> Dataset content:
——

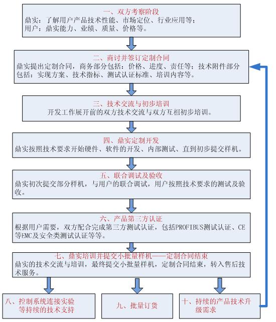 业务模式:定制开发、批量供货、持续的技术支持、产品技术升级与服务。
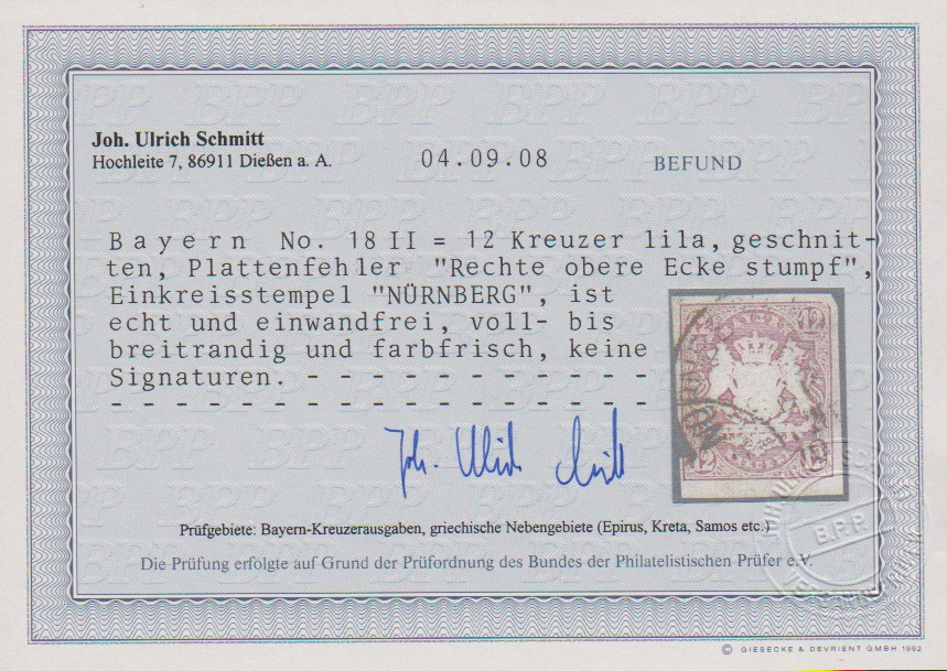 12 Kr. purpur, Plattenfehler "linke untere 2 verstümmelt", K1 von Lindau, sowie 18 Kr. zinnoberrot, zwei gestempelte Kabinettstücke, sign. Pfenninger bzw. Brettl. Mi. 520,-
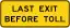 | W16-16P | Last Exit Before Toll (1-line plaque) | highway=motorway_junction at the exittoll=yes past the exit
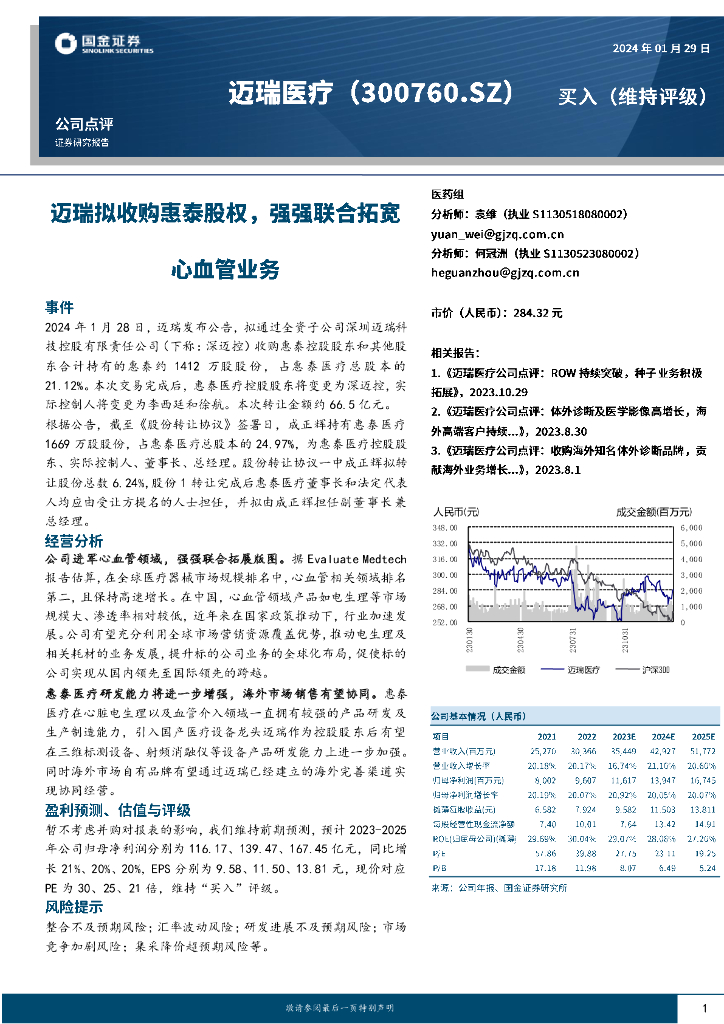 国金证券:迈瑞医疗(300760)-迈瑞拟收购惠泰股权,强强联合拓宽心血管业务.pdf
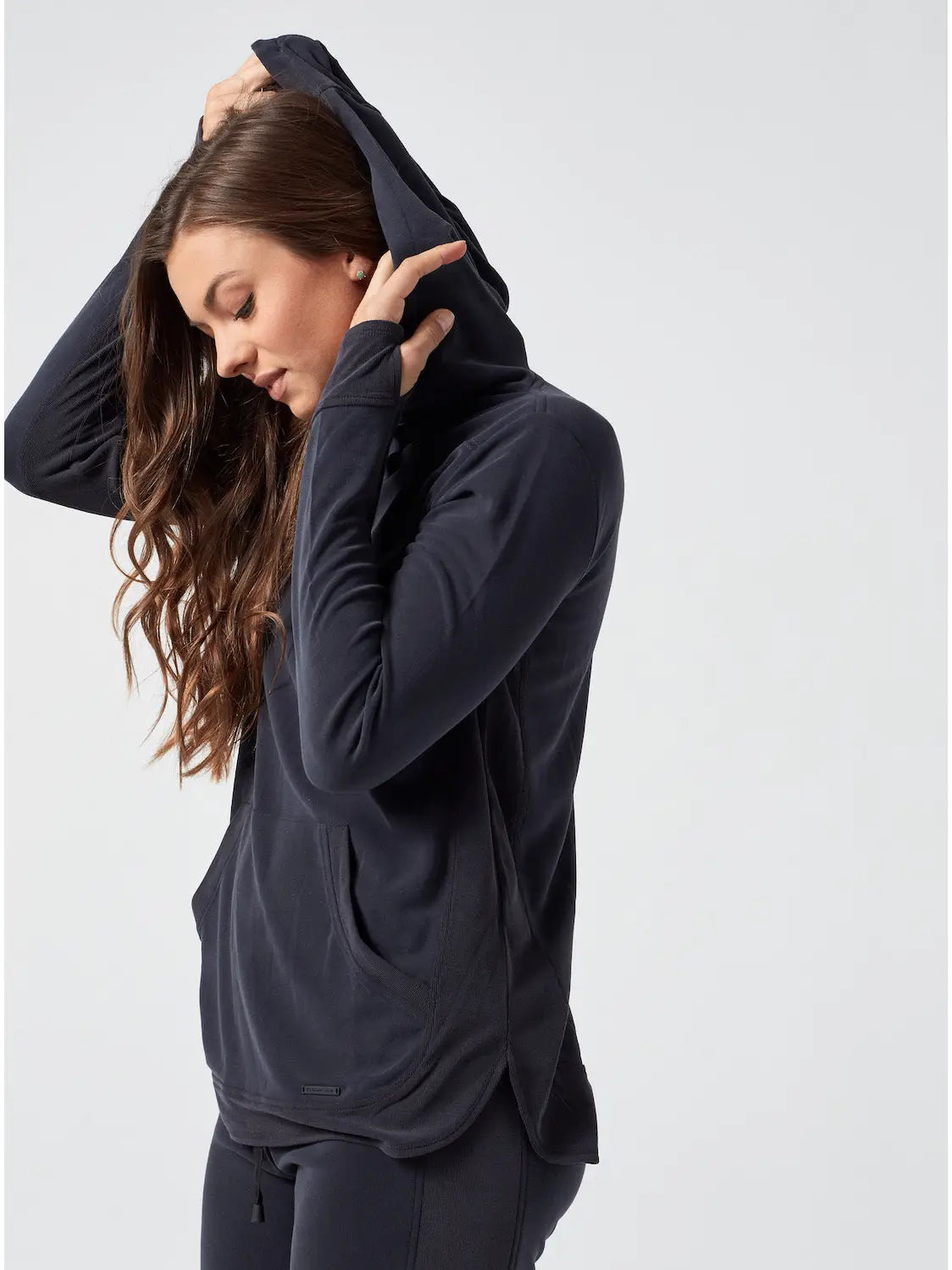 The Amour Hoodie combines sophisticated design with exceptional comfort. Crafted from a premium blend of sandwash modal double jersey and silk satin accents, it offers a soft, breathable feel with subtle stretch. Features like a functional hood drawcord and thumbholes enhance fit and practicality, while the vintage wash adds timeless character. With a comfortable 27" center back length, this hoodie is perfect for layering or standalone wear, delivering both style and performance for discerning wardrobes.
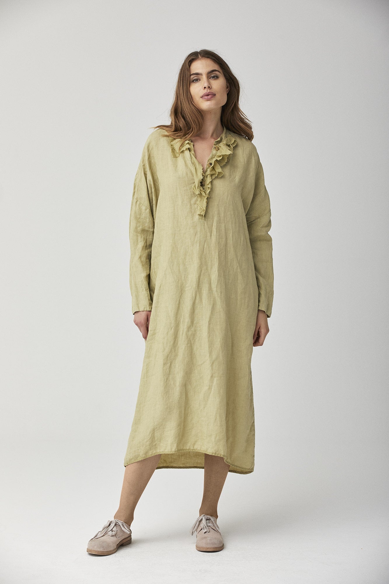 Linen Ruffle Sleeves Long Dress
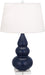 Our Triple Gourd collection features a simple but gracefully curving silhouette. Available in a wide array of vibrant colors and several different base finishes. - Midnight Blue Glazed Ceramic With Lucite Base Small Triple Gourd Accent Lamp With Pearl Dupioni Fabric Shade
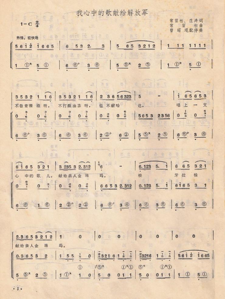 《我心中的歌献给解放军(手风琴简谱系列45)》手风琴谱
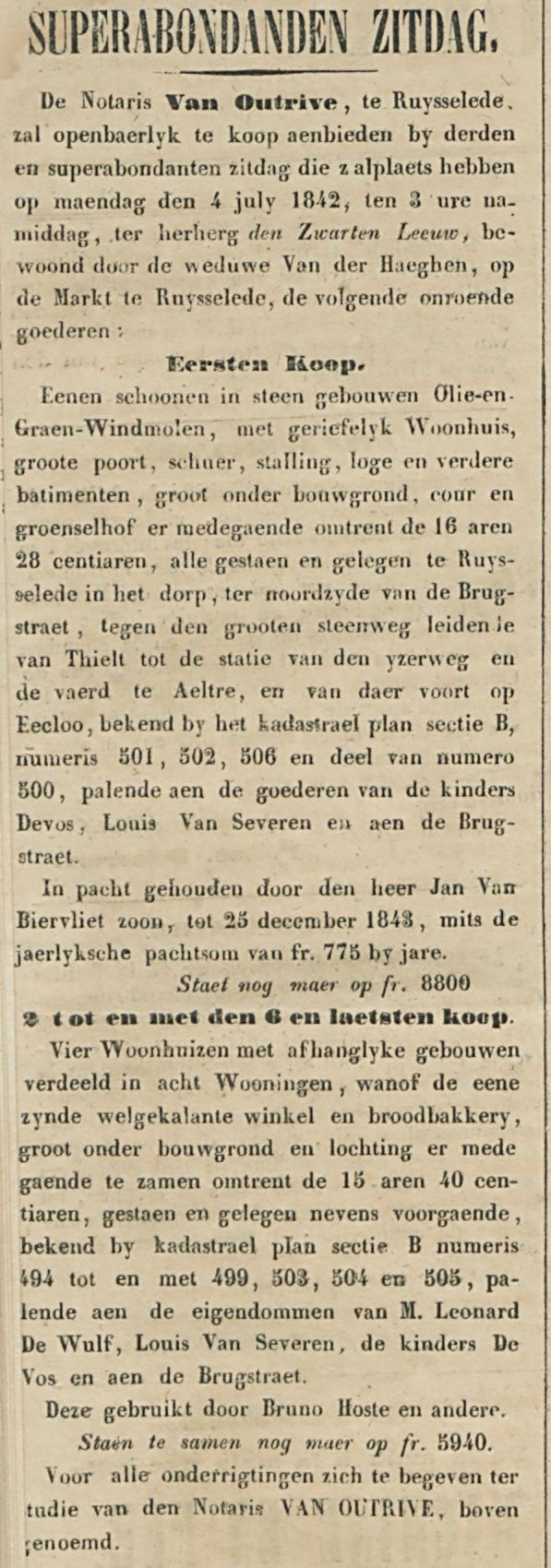 - 08.11.1841, verkoop: Steverlinck Florentinus, koopman te Rijsel (F) (notaris Van Outrive - moulin en briques)
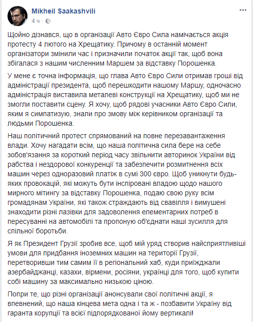 "В последний момент организаторы изменили время и назначили начало акции так, чтобы она совпадала с нашим многочисленным маршем за отставку Порошенко. У меня есть точная информация, что глава "Авто Евро Силы" получил деньги от администрации президента, для того чтобы помешать нашему маршу, одновременно администрация выставила железные конструкции на Крещатике, чтобы мы не смогли поставить сцену", - заявляет Саакашвили.
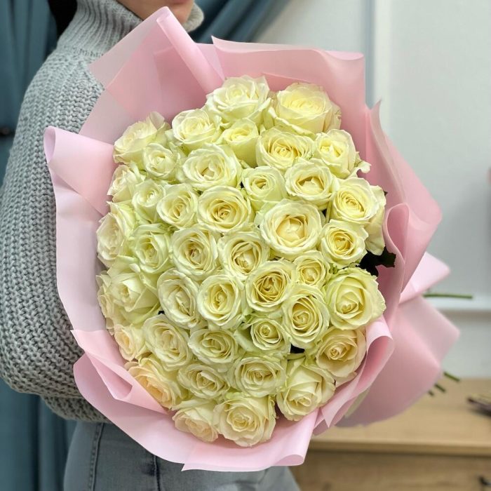 Лента атласная – 1 шт.Пленка матовая – 3 шт.Роза белая – 51 шт.

——

> What is needed:
Only the lines from the one containing "- заявляет Саакашвили." through the last line of the entries belong in the answer, given again exactly. Images stay out.

> Output below:
 "В последний момент организаторы изменили время и назначили начало акции так, чтобы она совпадала с нашим многочисленным маршем за отставку Порошенко. У меня есть точная информация, что глава "Авто Евро Силы" получил деньги от администрации президента, для того чтобы помешать нашему маршу, одновременно администрация выставила железные конструкции на Крещатике, чтобы мы не смогли поставить сцену", - заявляет Саакашвили.
 Лента атласная – 1 шт.Пленка матовая – 3 шт.Роза белая – 51 шт.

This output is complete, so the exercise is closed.